Wetenschap
Structurele diversiteit in vleesetende blaasjes. Credit:Bloembeelden:Andreas Fleischmann, Trapafbeeldingen:Plant Biomechanics Group Freiburg
Bladderworts (Utricularia spp. Lentibulariaceae) zijn planten met veel superlatieven:ze behoren tot het meest recent ontwikkelde en tevens het grootste geslacht van vleesetende bloeiende planten, met meer dan 240 soorten. Ze hebben een van de kleinste genomen die bekend zijn in bloeiende planten, hebben de snelste vallen, zijn volledig ontworteld, worden bijna wereldwijd gedistribueerd, en bezitten een grote verscheidenheid aan verschillende levensvormen. Een team van de Plant Biomechanics Group in de Botanische Tuin van de Universiteit van Freiburg onder leiding van Prof. Dr. Thomas Speck en Dr. Simon Poppinga voert vergelijkende morfologische en biomechanische analyses uit op deze ultrasnelle vallen, die prooi vangen door middel van onderdruk-geïnduceerde zuiging.

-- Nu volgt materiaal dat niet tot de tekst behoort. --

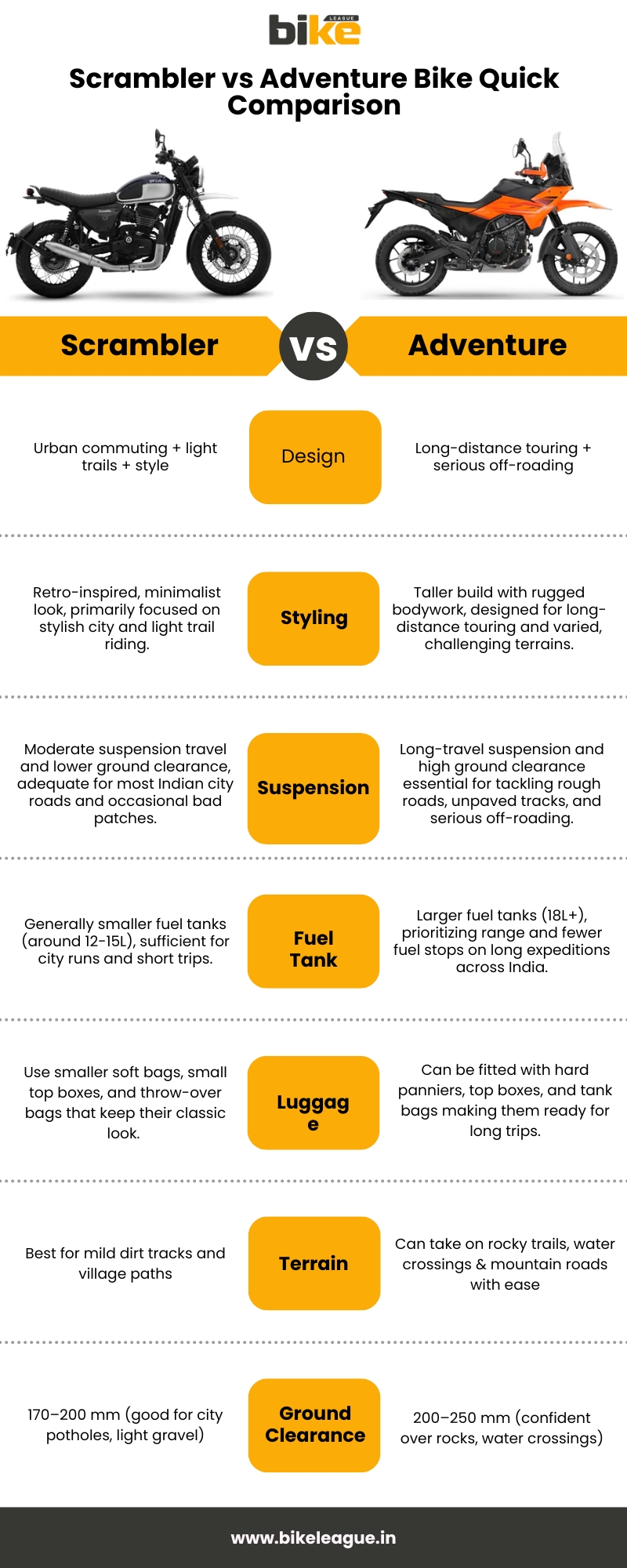Scramblers have a classic, simple look inspired by rally bikes from the 1960s and 70s. They feature round headlights, ribbed seats, knobby tyres, and exposed frames, which attract city riders who want a unique bike. Adventure bikes, on the other hand, look rugged and ready for long trips, with tall windscreens, beak-shaped fairings, handguards, and tank pads. These features make them suitable for tough journeys, such as crossing the Himalayan passes or riding through deserts.

Het journaal Wetenschappelijke rapporten heeft nu twee nieuwe artikelen gepubliceerd met resultaten van de groep.
De experimenten beschreven in het eerste artikel zijn uitgevoerd in nauwe samenwerking met collega's van de afdeling Dierecologie, Evolutie, en biodiversiteit aan de Ruhr-Universität Bochum, onder leiding van Prof. Dr. Ralph Tollrian. Met behulp van een hogesnelheidscamera, analyseerden de onderzoekers het "vangstgedrag" van de zuigval van Utricularia australis en mogelijke ontsnappingspogingen van een van zijn natuurlijke prooisoorten, de watervlo Ceriodaphnia dubia. Ze ontdekten dat de vlooien met 2800 keer de versnelling van de zwaartekracht in de vallen worden gezogen en bijna net zo snel in de val worden afgeremd. Alle vangprocessen zijn te snel om de vlo een poging tot ontsnapping te laten doen.
Het team uit Freiburg bereikte de resultaten die in het tweede artikel worden gepresenteerd samen met Dr. Andreas Fleischmann van de Botanische Staatssammlung München en met collega's van het Instituut voor Evolutie en Biodiversiteit, Universiteit van Munster, onder leiding van prof. dr. Kai Müller. Vergelijkende functioneel-morfologische en biomechanische analyses van 19 soorten blaasjeskruid, uitgevoerd door de wetenschappers, onthulden verschillende valingangen en luikstructuren, evenals verschillende soorten bewegingen tijdens het afzuigen, die kunnen worden geïnterpreteerd als aanpassingen aan de verschillende habitats die de soort inneemt. een soort, Utricularia multifida, heeft een luik dat niet beweegt en waarschijnlijk de prooi vangt volgens een passief vangprincipe in plaats van het naar binnen te zuigen. Op deze manier, het team onthulde voor het eerst verschillende vorm-structuur-functie-relaties en plaatste hun bevindingen ook in een evolutionaire context:met behulp van gensequenties van 105 soorten, zij slaagden erin het verloop van de evolutionaire ontwikkeling van het geslacht Utricularia te reconstrueren.